PROBLEM REQUIREMENTS |
Copy exactly, and only, the lines between the start of the entries below and the line containing "FILE - Arkansas", both inclusive. Omit pictures.

╭──

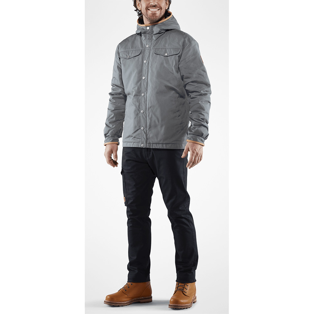 Dzięki kurtce puchowej Greenland szwedzkiego producenta Fjällraven możesz w pełni cieszyć się zimą bez obaw. Z pewnością docenisz fakt, że kurtka została wykonana ze zrównoważonych materiałów. Zewnętrzna powłoka G-1000® Eco jest bardzo wytrzymałym materiałem i chroni przed warunkami atmosferycznymi. Wodoodporność można zwiększyć poprzez woskowanie. Jako izolację zastosowano etycznie pozyskiwany gęsi puch. Kieszenie na piersi mają klasyczny design z serii Greenland z zapięciem na guziki. Dwukierunkowy zamek błyskawiczny z przodu jest przykryty klapką i ma również zapięcie na guziki. Kurtka nadaje się na wycieczki na łono natury lub codzienne podróże do pracy lub szkoły.
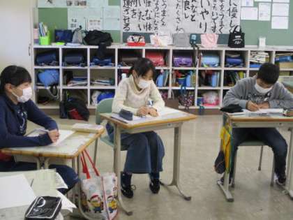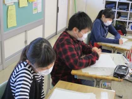 5・6年生の総合的な学習の時間のようすです。子どもたちは、これまでの生活を振り返りながら、手紙形式で作文を書いていました。
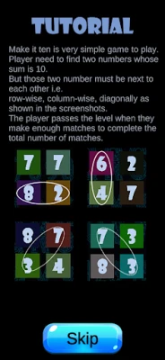 Make It Ten is a very simple game. The player needs to find two numbers that add up to 10. But the two numbers must be next to each other, i.e. in a row, column, diagonal, as shown in the screenshot. The player passes the level when they make enough matches to complete the total number of matches.
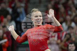 FILE - Arkansas gymnast Joscelyn Roberson competes on the floor against LSU during an NCAA gymnastics meet on Jan. 24, 2025, in Fayetteville, Ark. (AP Photo/Michael Woods, file)
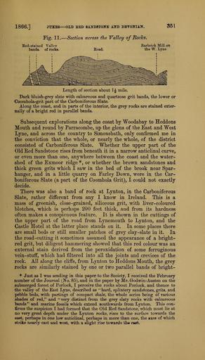 | Keywords: The Quarterly journal of the Geological Society of London (13935509061).jpg  1866 <br> JUKES OLD KED SAITDSTOXE AlfD DBTOIflAIf <br> 361 <br> Fig 11  Section across the Valley of Rocks <br> Eed-stained Valley <br> bands of rocks <br> Eoad <br> Barbrick Mill ott <br> theW Lyne <br> Length of section about 1- mile <br> Dark bluish-grey slate with calcareous and quartzose grit bands the lower or <br> Coomhola-grit part of the Carboniferous Slate <br> Along the coast and in parts of the interior the grey rocks are stained exter- <br> nally of a bright red in parallel bands <br> Subsequent explorations along the coast by Woodabay to Heddons <br> Mouth and round by Parracombe up the glens of the East and West <br> Lyne and across the country to Simonsbath only confirmed me in <br> the conviction that the whole or nearly the whole of the district <br> consisted of Carboniferous Slate Whether the upper part of the <br> Old Eed Sandstone rises from beneath it in a narrow antichnal curve <br> or even more than one anywhere between the coast and the water- <br> shed of the Exmoor ridge or whether the brown sandstones and <br> thick green grits which I saw in the bed of the brook near Spar- <br> hanger and in a little quarry on Farley Down were in the Car- <br> boniferous Slate a part of the Coomhola Grit I could not exactly <br> decide <br> There was also a band of rock at Lynton in the Carboniferous <br> Slate rather different from any I know in Ireland This is a <br> mass of greenish close-grained siliceous grit with liver-coloured <br> blotches which is perhaps 200 feet thick and from its hardness <br> often makes a conspicuous feature It is shown in the cuttings of <br> the upper part of the road from Lynemouth to Lynton and the <br> Castle Hotel at the latter place stands on it In some places there <br> are small beds or still smaller patches of grey clay-slate in it In <br> the road-cutting it sometimes assumed the appearance of a bright- <br> red grit but diligent hammering showed that this red colour was an <br> external stain derived from the peroxidation of some ferruginous <br> vein- stuff which had filtered into all the joints and crevices of the <br> rock All along the chifs from Lynton to Heddons Mouth the grey <br> rocks are similarly stained by one or two parallel bands of bright- <br> Just as I was sending in this paper to the Society I received the February <br> number of the Journal No 85 and in the paper by Mr Grodwin- Austen on the <br> submerged forest of Porlock I perceive the rocks about Porlock and thence to <br> the valley of the East Lyne described as -'hard splintery sandstones grits and <br> pebble beds with partings of compact shale the whole series being of various <br> shades of red and very distinct from the grey slaty rocks with calcareous <br> bands and marine fossils which extend southwards from Lynton This con- <br> firms the suspicion I had formed that the Old Eed Sandstone which must lie at <br> no very great depth under the Lynton rocks rises to the surface towards the <br> east perhaps in one low anticlinal perhaps in more than one the axes of which <br> strike nearly east and west with a slight rise towards the east 36164792 111477 51125 Page 351 Text v 22 http //www biodiversitylibrary org/page/36164792 1866 Geological Society of London Biodiversity Heritage Library The Quarterly journal of the Geological Society of London v 22 1866 Geology Periodicals Smithsonian Libraries bhl page 36164792 dc identifier http //biodiversitylibrary org/page/36164792 smithsonian libraries Information field Flickr posted date ISOdate 2014-04-21 Check categories 2015 August 26 CC-BY-2 0 BioDivLibrary https //flickr com/photos/61021753 N02/13935509061 2015-08-26 06 56 56 cc-by-2 0 PD-old-70-1923 The Quarterly journal of the Geological Society of London 1866 Photos uploaded from Flickr by FĂŚ using a script |

╰──

RESULT OF THE EXERCISE |
 Dzięki kurtce puchowej Greenland szwedzkiego producenta Fjällraven możesz w pełni cieszyć się zimą bez obaw. Z pewnością docenisz fakt, że kurtka została wykonana ze zrównoważonych materiałów. Zewnętrzna powłoka G-1000® Eco jest bardzo wytrzymałym materiałem i chroni przed warunkami atmosferycznymi. Wodoodporność można zwiększyć poprzez woskowanie. Jako izolację zastosowano etycznie pozyskiwany gęsi puch. Kieszenie na piersi mają klasyczny design z serii Greenland z zapięciem na guziki. Dwukierunkowy zamek błyskawiczny z przodu jest przykryty klapką i ma również zapięcie na guziki. Kurtka nadaje się na wycieczki na łono natury lub codzienne podróże do pracy lub szkoły.
 5・6年生の総合的な学習の時間のようすです。子どもたちは、これまでの生活を振り返りながら、手紙形式で作文を書いていました。
 Make It Ten is a very simple game. The player needs to find two numbers that add up to 10. But the two numbers must be next to each other, i.e. in a row, column, diagonal, as shown in the screenshot. The player passes the level when they make enough matches to complete the total number of matches.
 FILE - Arkansas gymnast Joscelyn Roberson competes on the floor against LSU during an NCAA gymnastics meet on Jan. 24, 2025, in Fayetteville, Ark. (AP Photo/Michael Woods, file)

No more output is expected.